- _PROBLEM STATEMENT_
From the first line to the last, copy the listing exactly and omit the pictures.

- _PROVIDED DATA_
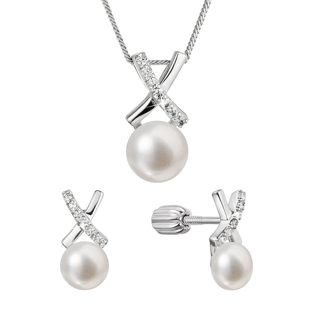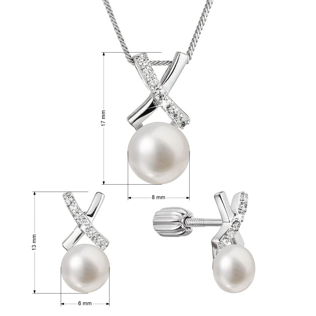 Perlová súprava "X" so zirkónmi a bielou riečnou perlou 29068.1B
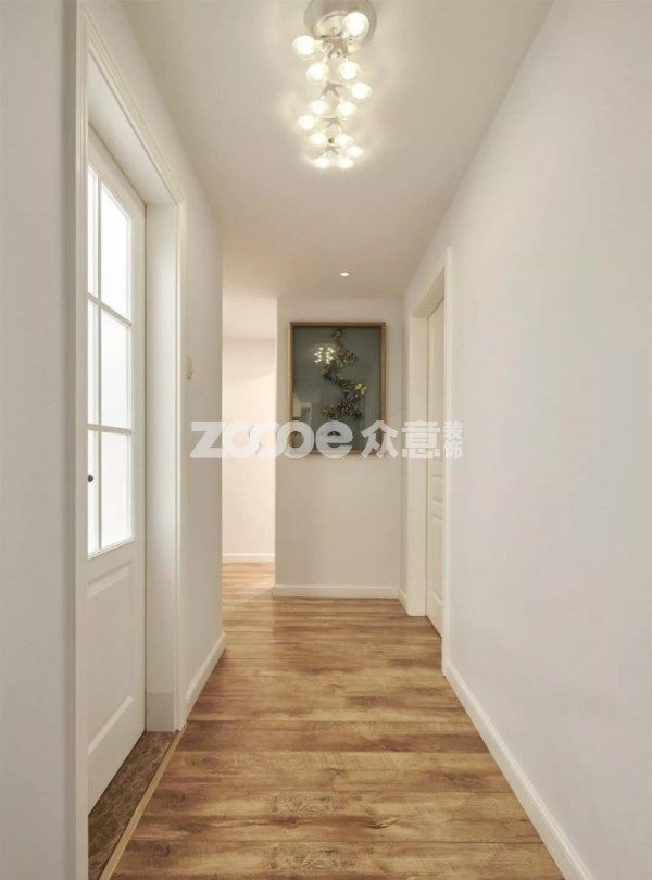 走廊端景,造型頂燈與蝴蝶裝飾畫,充滿趣味性。
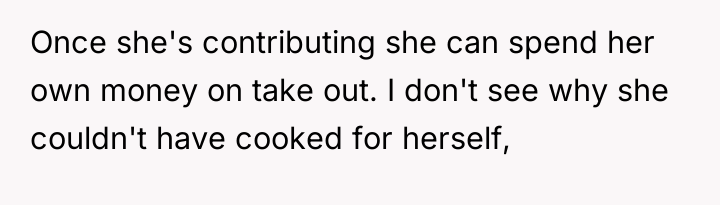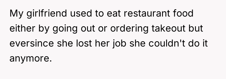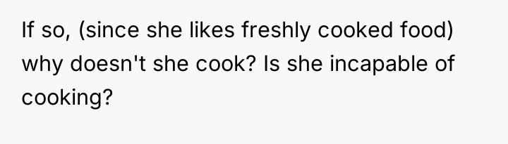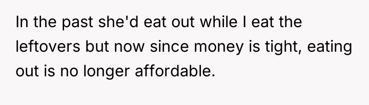 Given the necessity of managing their shared budget, was the OP justified in prioritizing his own immediate need for a pre-prepared meal, or did his assumption about her preference override his responsibility to ensure his partner had food, even if it meant cooking a fresh meal? The core question remains: How should a couple balance financial realities against strong personal habits and expectations around basic needs like food?
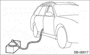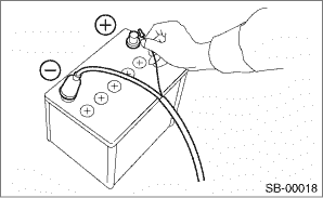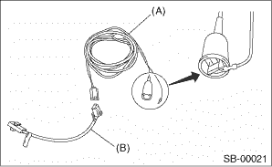6. Short the alligator clip and terminal of the airbag deployment tool together. CAUTION: Short the airbag deployment tool terminals until just before the pretensioner operation process. Preparation tool: ST: AIRBAG DEPLOYMENT TOOL (98299PA030) 7. Connect the airbag deployment tool (A) and test harness adapter D (B). Preparation tool: ST: TEST HARNESS ADAPTER D (98299SA010)

- _ANSWER BOX_
 Perlová súprava "X" so zirkónmi a bielou riečnou perlou 29068.1B
 走廊端景,造型頂燈與蝴蝶裝飾畫,充滿趣味性。
 Given the necessity of managing their shared budget, was the OP justified in prioritizing his own immediate need for a pre-prepared meal, or did his assumption about her preference override his responsibility to ensure his partner had food, even if it meant cooking a fresh meal? The core question remains: How should a couple balance financial realities against strong personal habits and expectations around basic needs like food?
6. Short the alligator clip and terminal of the airbag deployment tool together. CAUTION: Short the airbag deployment tool terminals until just before the pretensioner operation process. Preparation tool: ST: AIRBAG DEPLOYMENT TOOL (98299PA030) 7. Connect the airbag deployment tool (A) and test harness adapter D (B). Preparation tool: ST: TEST HARNESS ADAPTER D (98299SA010)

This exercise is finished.